CRÔNICA

Por Guilherme Maia

 

O que se consegue esconder sobre os escombros de uma intimidade devastada?

Sorrisos, abraços, piadas e conversas não desvendam o que há por trás de uma fachada.

Mílvio era um homem com uma bagagem imensa de vida, deu nascimento a dois filhos de beleza estonteante, conquistara espaços profissionais e afetivos à força de fórceps. Sempre em algum momento de vida deflagrara uma vitória frente às limitações.

Acontece que tudo esvaíra como areia nos intervalos de sues dedos. De repente, o ritual do adeus se fez presente e de uma casa repleta sobrou o vazio do passado cada vez mais remoto.

Quando se deu conta entrou na casa dos quarenta anos. Conquistas fugazes bateram-lhe na cara, nada estava mais presente e como companhia teve o desamparo.

Falando sobre o vago dos momentos a só. Todas as suas escolhas formaram a via única da solidão: abandono do que propriamente compunha sua maneira gregária de ser. Agora tinha garçons e taxistas como amigos do peito, de um acolhimento desesperado de consumo momentâneo.

Espraiava-se pelo Centro do Rio como um beduíno sem tenda, conhecia pessoas no intuito de aplacar a ferocidade dos instantes em que ficava sozinho: cada minuto lacerava seu amor próprio.

A sociedade de consumo incute felicidade sintética comprável, de efeito imediato se desfaz como um castelo de areia suspenso no ar: a alegria de uma fração de tempo inequivocamente sem sentido.

A busca da Arte perdeu o brilho para ele de encanto contraposto à ideia de finitude da vida.

A ideia do outro.

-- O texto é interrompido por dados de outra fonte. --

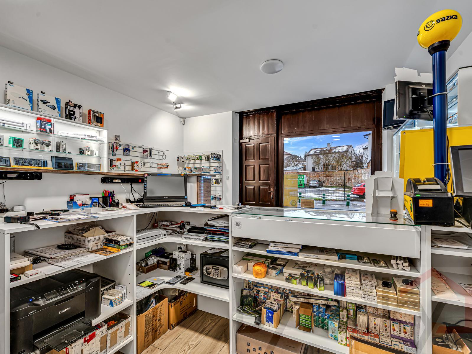 Obchodní část o velikosti 40,7 m zahrnuje prodejnu 28,9 m2, kancelář/dílnu 8,83 m2 a zázemí s kuchyňkou a WC 2,97 m2. V současnosti je prostor využíván jako prodejna a servis mobilních telefonů. Na obchodní část navazuje bytová jednotka o velikosti 55,68 m, která nabízí ložnici 7,46 m2, chodbu 5,78 m2, předsíň 8,75 m2, koupelnu se sprchovým koutem 4,69 m2 a prostorný obývací pokoj s kuchyňským koutem 29 m2. Součástí bytu je také vestavěné patro na spaní, šatní skříň na míru a vstup na společný dvůr, který lze využívat jako terasu.

Seu incansável trabalho de dignificar individualidades esmaeceu e os meios para conseguir estar para alguém esfalfavam sua vontade – todo o trabalho que as soluções exigem fizeram estéril sua vontade.

Todo o sentimento do vazio, o vazio contido no olhar de um bebê recém-nascido ao encarar o mundo a sua volta, afluiu à escolha de um ponto sem retorno. Assaltado pela depressão, pior das madrastas, impelido pela autopiedade restou a ele dois caminhos: antecipação da morte ou reerguer os olhos para uma nova esperança.

Nada proviria de fatores externos: religiões, bebidas, mulheres ou drogas. Tudo isso enterrava ainda mais a fonte de qualquer reviravolta.

Ressignificar seus objetivos, espaços, opções, ressignificar sua percepção da vida.

Eis que surgem duas novas realidades para soerguer o que estava arrojado no chão.

As duas vêm de fora, mas são projeções de seus desejos ativos, são como o que ele quer e ainda afogado no lamaçal do passado frustrado, apontam para a nova estrada da vida.

Imanados do núcleo duro da resistência pela vida afloram a força do trabalho e a do amor. Forças estes que desbravam as sarças da desilusão e apontam para Mílvio a transformação do desespero em algo novo e solar.

Não eram a projeção psicanalítica que criara a nova esperança senão a vontade de novas conquistas.